Living in cities marked a step change. Once groups of people grew way past Dunbar’s number, the market became inefficient — it became impossible to keep track of all possible mates. Until the arrival of the internet.
With the advent of online dating, and apps such as Tinder and Bumble, information about a bachelor(ette)’s desirability began being priced into the market. These apps construct a market value from your profession, degree, and of course, some choice photos. They also take into account the number of swipes you receive, which is kind of like being bought or sold in a real market. Apps like Hinge go further, taking into account more detailed personal information which further refines the accuracy of your dating market value.
What is the analogy to the job market? Who are our Sneaks and Mavericks?
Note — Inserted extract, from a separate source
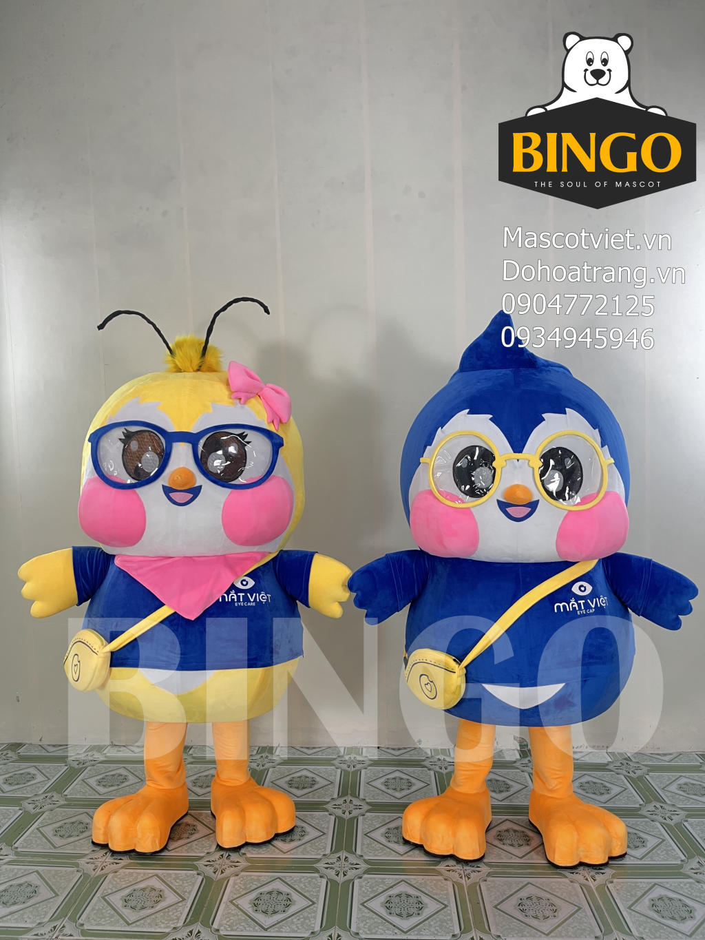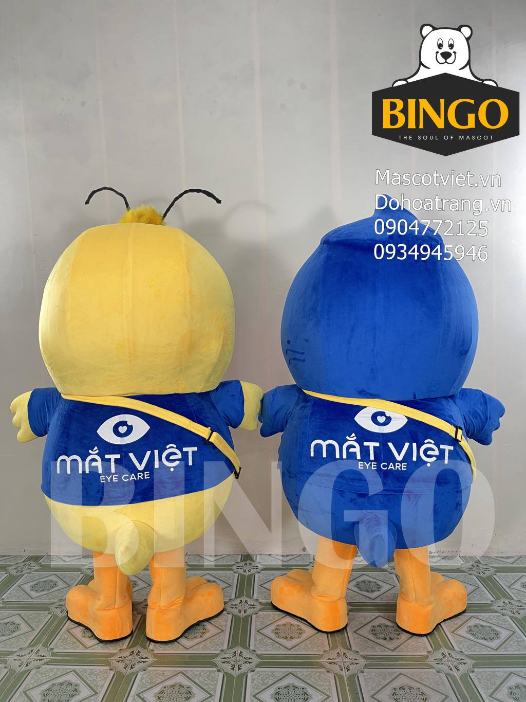 Mascot chim vàng khuyên Mắt Việt là thiết kế độc quyền do BINGO sản xuất, mang phong cách đáng yêu và nổi bật. Bộ mascot gồm hai chú chim xanh – vàng, tạo hình dễ thương với đôi mắt to, má hồng và phụ kiện kính, túi chéo thời trang. Đây là hình ảnh đại diện sinh động, giúp thương hiệu Mắt Việt Eye Care trở nên gần gũi, thu hút khách hàng ở mọi lứa tuổi.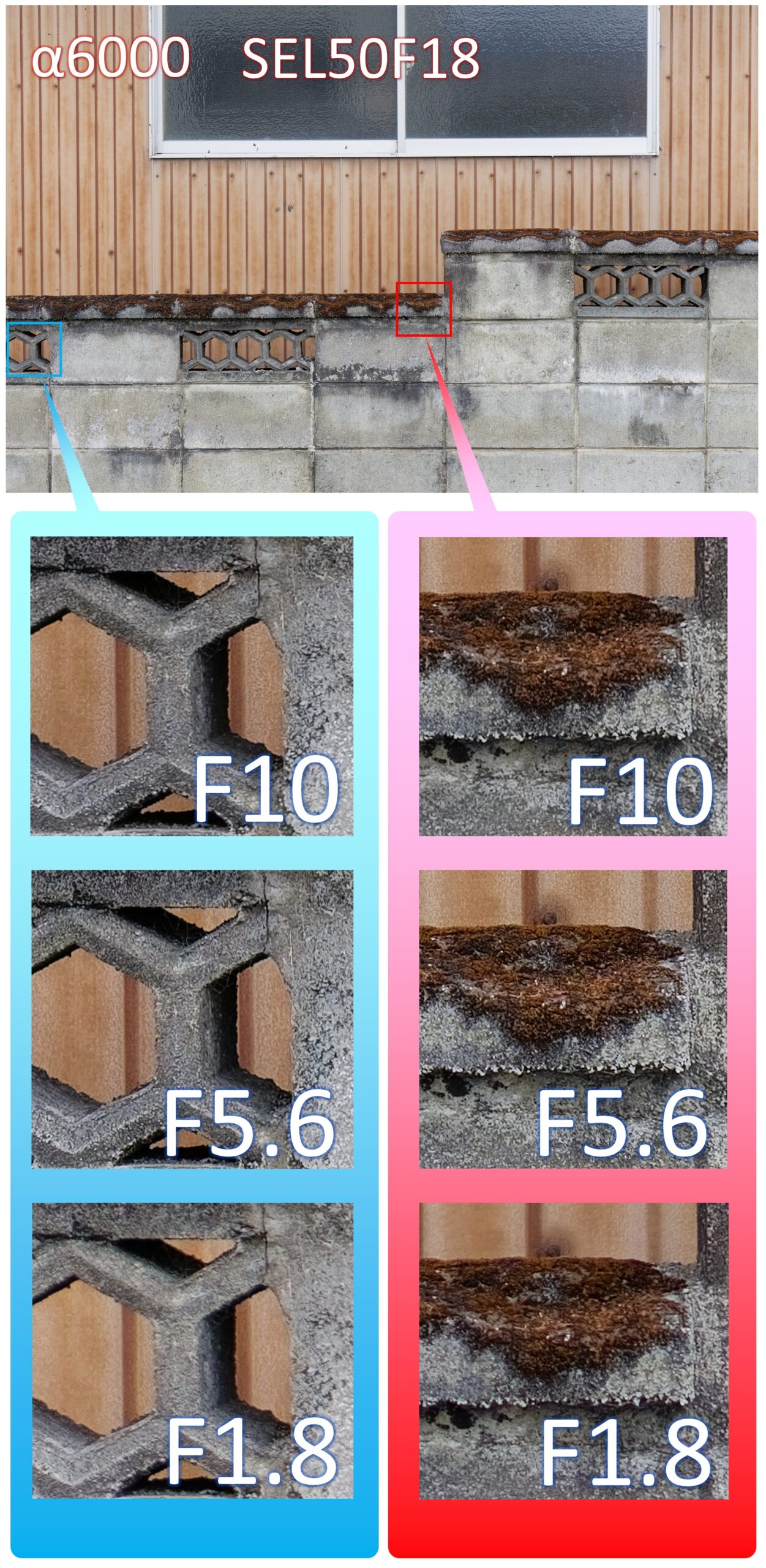 まず、「F10」は被写界深度がもっとも深くなりますが、塀と壁の距離が近いため、どちらも被写界深度内に収まりシャープに写っていますが、若干ではありますが小絞りボケにより少し解像感が甘くなっています。

Sneaks are overvalued in the online dating market. They are the classic “he seemed fun online but as soon as we met up he bored me to tears”. They are long on pithy one-liners and filtered, scantily-clad photos, but short on substance. I knew a guy who used a photo of his more muscular brother on his own Tinder profile. He was a Sneak.
As with the job market, there is a spectrum of sneakiness, and most people are slightly sneaky — putting in the occasional over-edited photo here, posting a selfie with someone else’s dog there. Most people know not to trust photos which look edited on Tinder. Over time the dating market adapts to sneakiness.
Mavericks, in contrast, are undervalued. Perhaps they have some characteristic, like being a good listener, which is desirable in a partner but difficult to capture in their Tinder market value. Or maybe they’re just un-photogenic.
If Tinder dates often remark that they’re surprised by how attractive you are, it’s a sign you are undervalued by the market. In this case, either get a friend to help you with your profile, or eschew Tinder altogether. You’re more likely to find a good “match” in your social circle, where gossip still travels and your real dating value is known. Like an entrepreneur, leave the existing system and strike out on your own.
As technology intrudes further into our private lives, both the labour and dating markets will become more efficient. More personal information will become structured data, and algorithms will get better at determining our market values in love and work. In such a transparent future, Sneaks will eventually get caught, and the stock of Mavericks will rise. I’m betting on them.
Thanks to Katie Hollands and Ned Davies for helpful comments.